### ENTRIES PROVIDED
**********

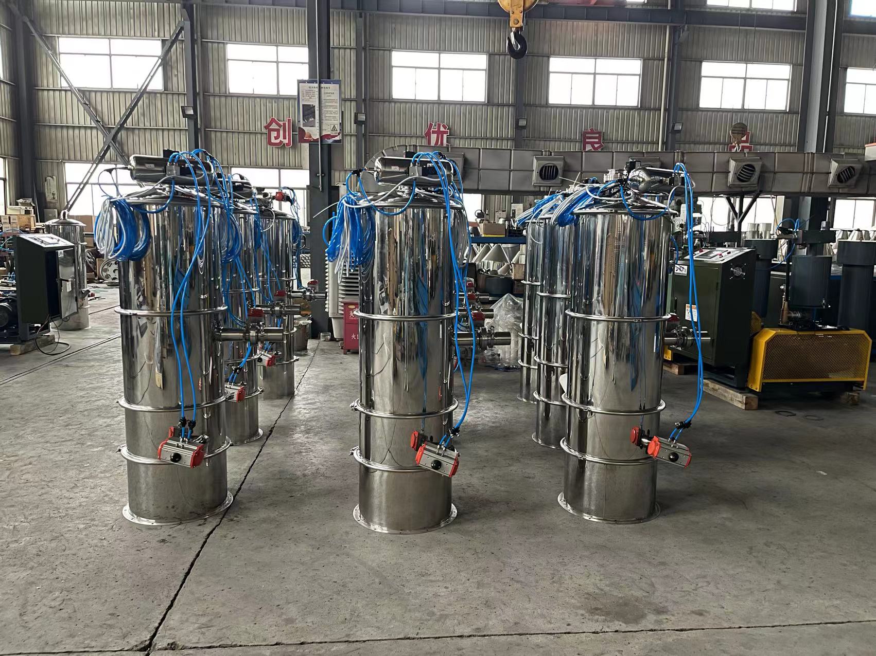 SF系列氣動式真空粉末上料機由真空泵(無油、無水)、不銹鋼吸料槍、輸送軟管、過濾器、壓縮空氣反吹裝置、氣動放料門裝置、真空料斗和自動化控制系統等組成,整套系統設計合理、制造精美。真空加料機分間隙排料和連續排料兩種,間隙排料有利于降低設備的投資成本,方便料位控制。連續排料一般用在長距離、大產量時對物料的真空輸送。
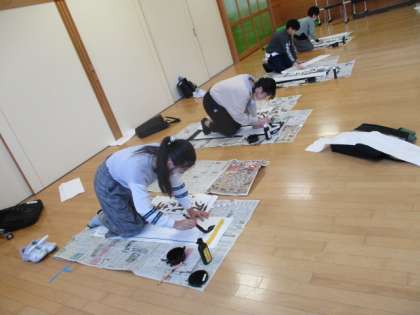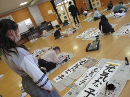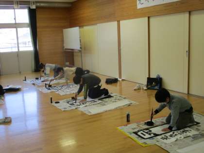 4年生が取り組む書初の言葉は「元気な子」。3年生の頃よりも、字形で気を付けることが増えています。大会本番で、2枚にじっくりと取り組み、どちらの作品のできがよいかを見極める冷静なまなざしがすてきでした。
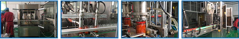 雙頭辣椒醬灌裝機1臺、四頭真空旋蓋機1臺、瓶口自動套膜機1臺、瓶口自動收縮機1臺、玻璃瓶貼標機1臺
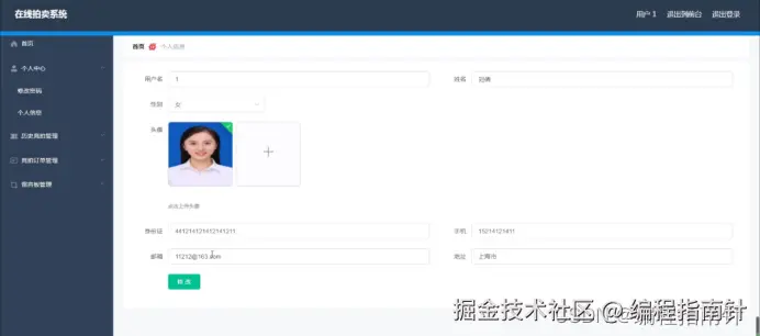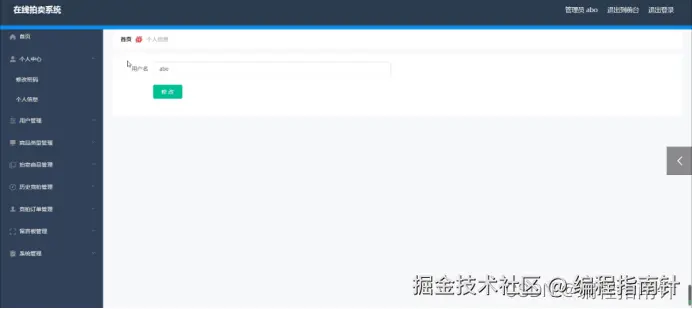 用户登录进入在线拍卖系统可以查看首页、个人中心、历史竞拍管理、竞拍订单管理、留言板管理等内容,如图5-12所示。
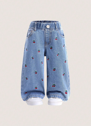 Джинси SHEIN Baby Girl із вишивкою. Ці повсякденні джинси для дівчаток. Вони мають симпатичний дизайн. Мають кишені. Рекомендується прати у пральній машині.
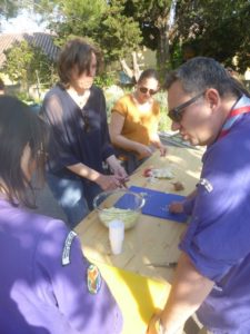 Nous avons goûté après les 2 premières activités. Nous avons ensuite fait nos services en groupe. Nous avons mangé du Chili-Con-Carné.
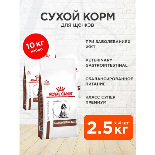 Корм сухой Royal Canin Gastrointestinal Puppy для щенков при заболеваниях желудочно-кишечного тракта, 2,5 кг х 4 шт: сравнение цен, характеристики, фото, актуальное наличие и цены.
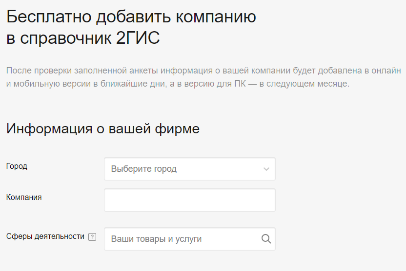 Заполните соответствующие поля. Название компании указывайте в связке со сферой, так сервису будет проще соотнести категорию и организацию, а вы получите больше трафика. Например: салон красоты Красавица, клининговая компания Чистюля.
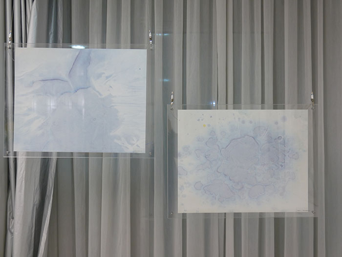 顏璐的作品包含著一種開放性和動態性。作品本身的材料和形式直接取決于藝術家的感受和表達。她并沒有因為在類似宣紙的媒介上創作就使用傳統礦物顏料,相反,她為了獲取更特殊的色彩效果,選用了色粉、丙烯等各種顏料來染色,這使得她的作品在經過水的暈染后,依然保持很強的色彩力度,甚至能表現出豐富的色彩灰度和靈動的邊界。她以化石中的生物剖面為靈感的作品仿佛再造一個紙上的生命——其實化石在被人類發現的那一刻起,就已經在某種意義上獲得了第二次生命。
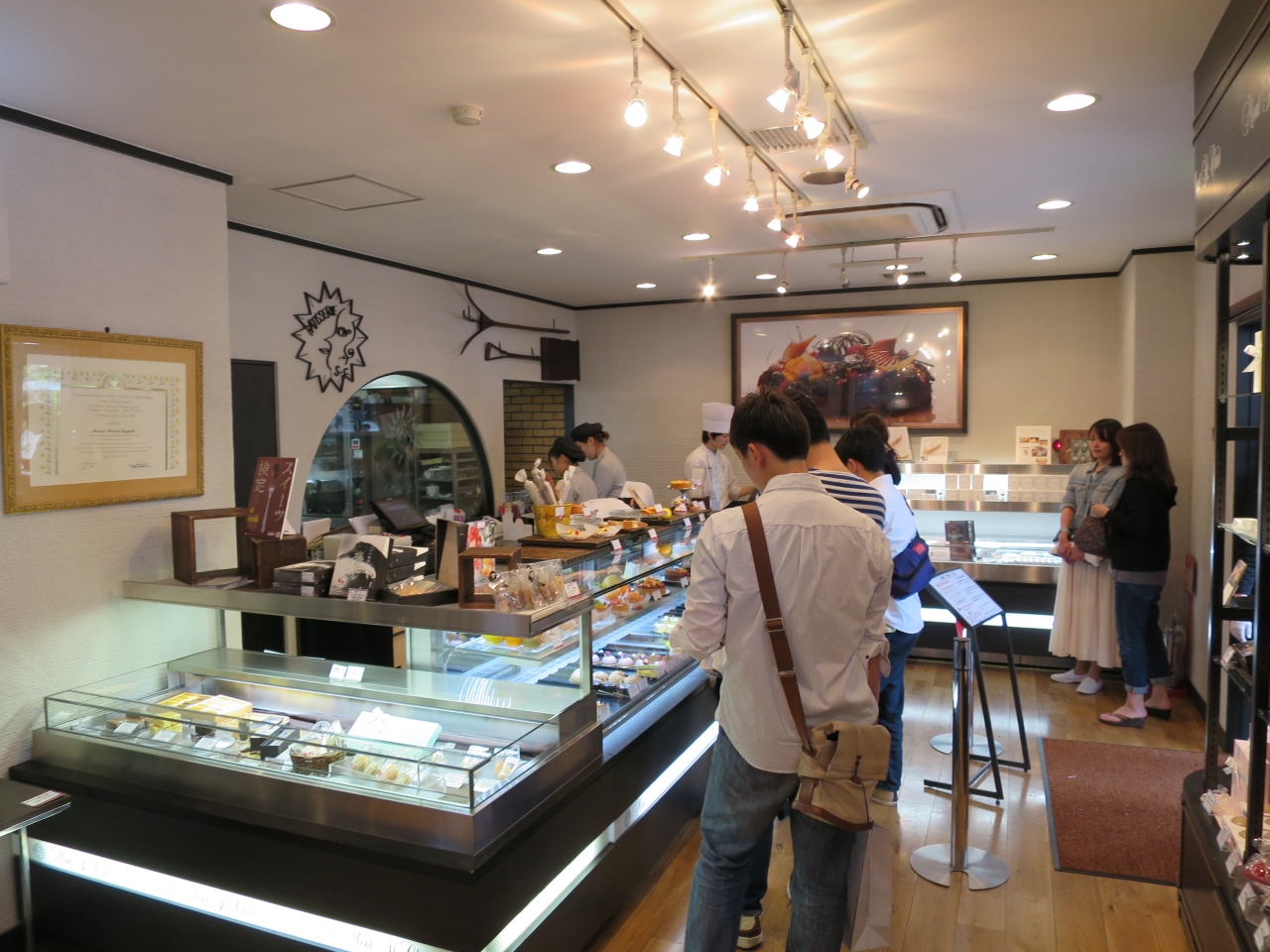 ケーキを買いに店に入ると、ケーキのショーケースの前は買い待ちの人が並び、ケーキが見られない程人気です。
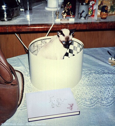 Además de una precursora de la música electrónica, por algo la llaman «la madrina de los sintetizadores», también es una apasionada de los gatos siameses. Sus primeros gatos fueron Nago, su madre Pica y su primo Subi, el mayor de los tres. Creó una maravillosa web (http://www.wendycarlos.com/photos2.html#critters) en la que dedica secciones a sus gatos, sus perros y, claro está, a todos sus sintetizadores. Describe con mucha emoción la muerte de Pica a los quince años, y de Nago, que se fue demasiado joven. Sin embargo, Subi (Subito) vivió hasta los veinte años. Después de Nago llegó Pandy (Pandora), una siamesa Chocolate Point como Pica, muy inteligente, despierta e interesada en todo, y al poco, Charly, que ya tenía cinco meses y no era muy listo. Pero eso tiene una explicación: Charly, un siamés de marcas perfectas, había sido comprado por una pareja que no tenía ni idea de gatos y les pareció demasiado activo. Cuando llegó al loft de Wendy, tenía mucho miedo y no dejaba que nadie le tocara.
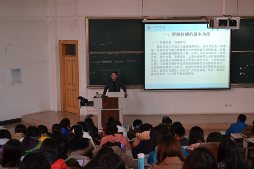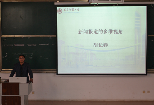 本场报告的主题是《新闻报道的多维视角》。课堂上,胡长春细致入微地讲解了新闻写作的方法和要点。他说:“新闻写作有六字真言---真、新、导、短、实、活。具体说来即真实、新鲜、导向、短小精干、实在、活泼生动,只要做到这六点,就能写出好的新闻。” 胡长春表示,之所以要用多维视角来对新闻进行报道,是因为新闻事件本身以多种形态发生,因而决定新闻报道要用多种视角和方式进行报道。胡长春深入浅出的讲解赢得了阵阵掌声,同学们纷纷表示获益匪浅,为以后的新闻写作奠定了坚实的基础。
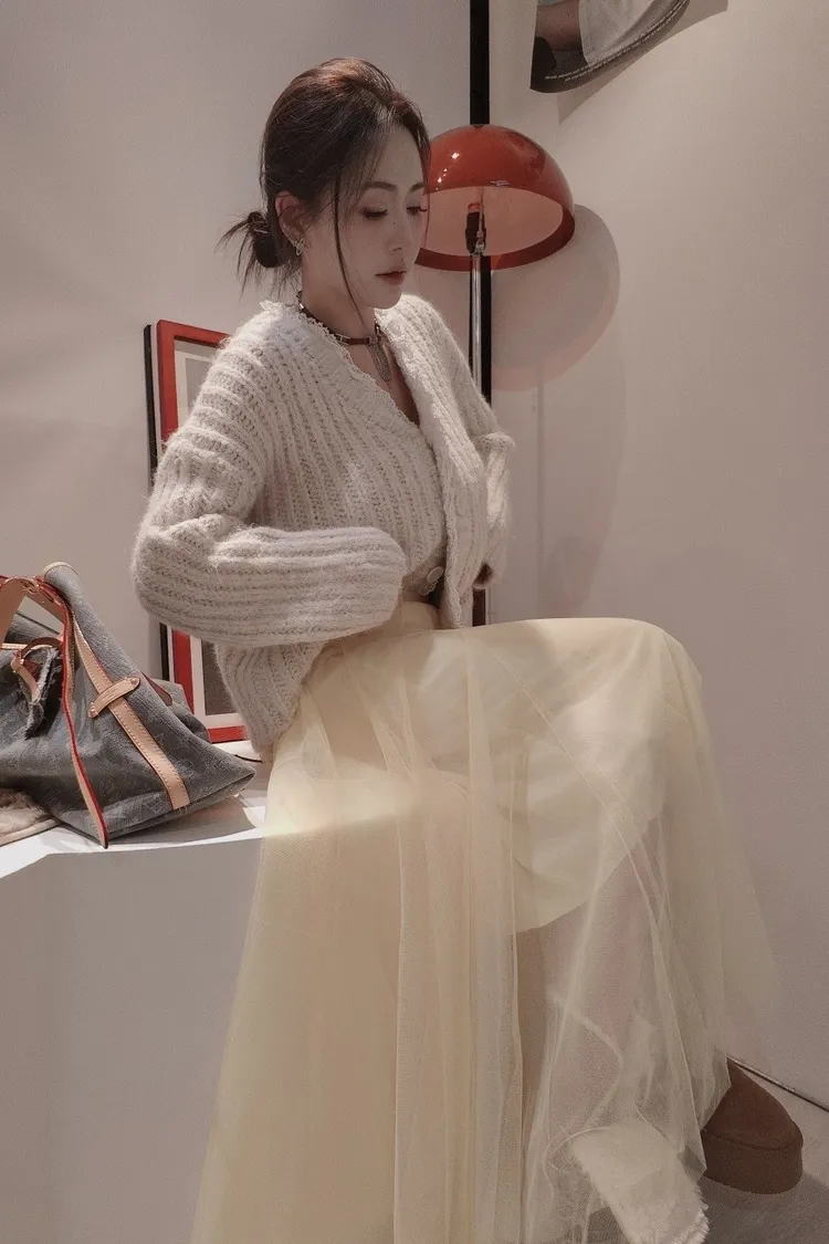 腰寬31~50 全長81cm ✦可以穿到XL ✦非刷絨材質 適合一年四季 澎湃網紗 冬天絕對是毛衣的真愛搭配系列 不管是個性還是甜美 紗裙都能營造出滿滿的氛圍感 真的怕冷的 加絨光腿神器尬進去!! 顏色:黑 鵝黃 咖啡 藍莓

**********

### WHAT IS NEEDED
Copy the lines exactly as they appear from the opening of the entries above through the line with "Корм сухой Royal", excluding all pictures.

### YOUR SOLUTION
 SF系列氣動式真空粉末上料機由真空泵(無油、無水)、不銹鋼吸料槍、輸送軟管、過濾器、壓縮空氣反吹裝置、氣動放料門裝置、真空料斗和自動化控制系統等組成,整套系統設計合理、制造精美。真空加料機分間隙排料和連續排料兩種,間隙排料有利于降低設備的投資成本,方便料位控制。連續排料一般用在長距離、大產量時對物料的真空輸送。
 4年生が取り組む書初の言葉は「元気な子」。3年生の頃よりも、字形で気を付けることが増えています。大会本番で、2枚にじっくりと取り組み、どちらの作品のできがよいかを見極める冷静なまなざしがすてきでした。
 雙頭辣椒醬灌裝機1臺、四頭真空旋蓋機1臺、瓶口自動套膜機1臺、瓶口自動收縮機1臺、玻璃瓶貼標機1臺
 用户登录进入在线拍卖系统可以查看首页、个人中心、历史竞拍管理、竞拍订单管理、留言板管理等内容,如图5-12所示。
 Джинси SHEIN Baby Girl із вишивкою. Ці повсякденні джинси для дівчаток. Вони мають симпатичний дизайн. Мають кишені. Рекомендується прати у пральній машині.
 Nous avons goûté après les 2 premières activités. Nous avons ensuite fait nos services en groupe. Nous avons mangé du Chili-Con-Carné.
 Корм сухой Royal Canin Gastrointestinal Puppy для щенков при заболеваниях желудочно-кишечного тракта, 2,5 кг х 4 шт: сравнение цен, характеристики, фото, актуальное наличие и цены.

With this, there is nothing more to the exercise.